Indian women have always been known to buy gold jewelry, it is even considered by many as an investment. The practice of investing in gold is even correct to the extent that the yellow metal still appears to be the savior of investors in a context of market volatility. However, women have many reasons to reconsider their position when it comes to investing in physical gold. Investing in physical gold comes with challenges such as issues with storage costs, impurities, etc.
There are also additional manufacturing fees that are added when purchasing gold jewelry that are lost when returning the jewelry for a new one. Take a look at all the reasons why women should stop investing in physical gold and look for better ways to invest in the yellow metal. Here are the reasons why women should not invest in gold jewelry.
Physical gold requires storage and security
Purchasing gold jewelry or physical gold not only requires money, but the purchased item must be kept secure, either in the bank or in a locker to avoid the risk of theft and burglary. Besides the security issue, purchasing gold in the form of jewelry requires the buyer to pay additional manufacturing fees that cannot be refunded.
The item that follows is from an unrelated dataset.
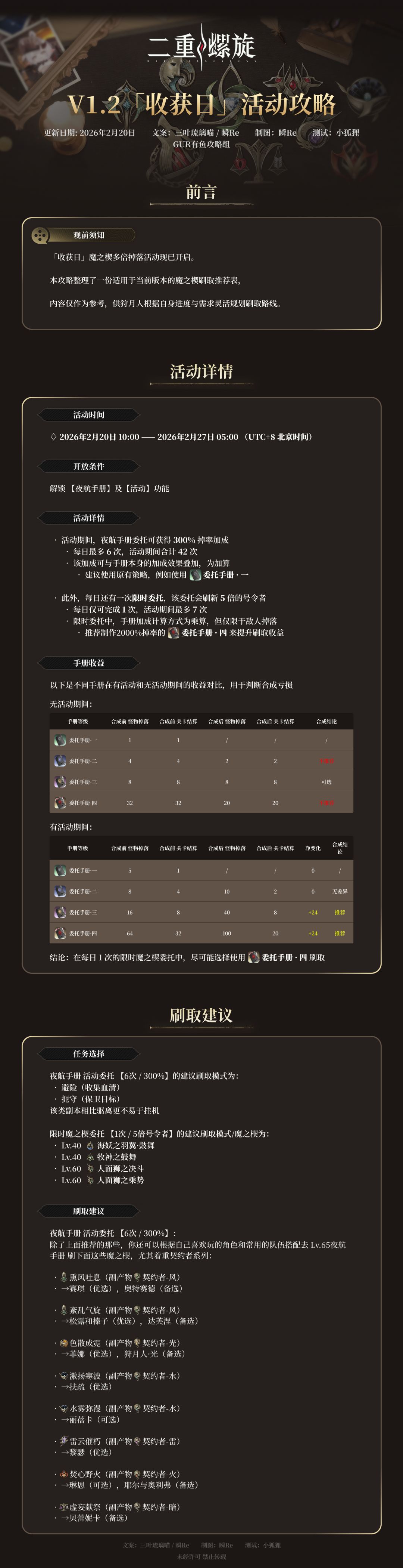 大家好,今天为大家带来1.2版本的「收获日」魔之楔多倍掉落活动的详细介绍,委托手册使用建议,以及魔之楔刷取推荐

There is another problem related to the purity of the yellow metal purchased. If your purchased jewelry does not have a BIS Hallmark label, it is difficult to know whether the gold used was pure or not. This is why gold jewelry will not bring the desired returns if you sell it to the jeweler after a while.
Lack of interest earned
If the amount of money spent to buy gold had been deposited in a bank or invested elsewhere, it would have earned the same amount of interest. But the same is not true for physical jewelry. The only benefit this brings is in the case of a rise in the price of gold.
When it comes to gold jewelry, there are certain feelings attached to gold. It never remains more than a simple tool of investment and becomes an emotional asset for the person or family. The added emotional value of a piece of jewelry makes it difficult to exchange when people need money.
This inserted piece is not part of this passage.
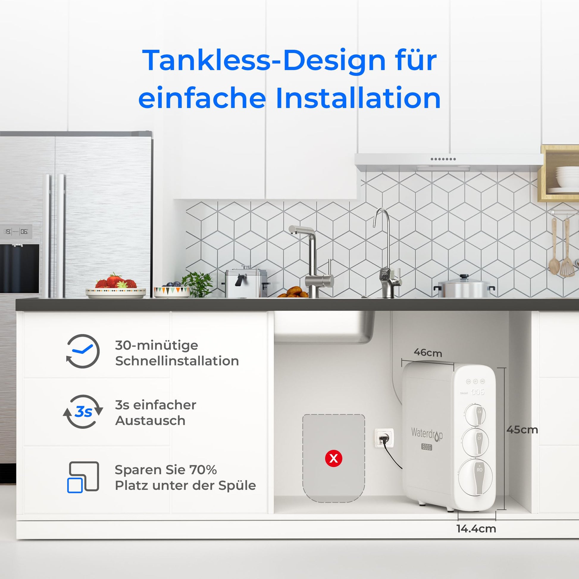 Nein, das System ist speziell für moderne Küchen konzipiert. Durch das kompakte, tanklose Design spart es bis zu 70 % Platz im Vergleich zu herkömmlichen Anlagen mit Wassertank und verhindert zudem die Verkeimung von stehendem Wasser.

Apart from the following disadvantages when buying physical gold, better alternatives for investing in the precious metal will definitely convince you to abandon the conventional method of investing in gold and try new methods.
Buying gold exchange-traded funds (ETFs) allows investors to buy the metal at real-time prices without any hassle. Gold ETFs are mutual funds that track the domestic price of physical gold. The money invested is used by them mutual fund companies to buy gold bars. Gold ETFs are listed on stock exchanges and allow investors to buy and sell Gold ETFs units on the same day.
Customers can also explore the option of purchasing “digital gold” using payment apps such as Pay, PhonePe and Google Pay. Buying Digital Gold allows users to purchase gold from Re 1. These payment apps have collaborated with MMTC – PAMP (a joint venture between the public sector MMTC and Swiss company PAMP SA) or SafeGold to sell gold.
Sovereign Gold Bonds
Sovereign Gold Bonds are one of the best and safest ways to invest in God. These bonds are issued by the RBI and represent grams of physical gold. People can buy SGBs from banks, post offices, Stock Holding Corporation of India and authorized stock exchanges in India. The minimum investment quantity in SGB is one gram.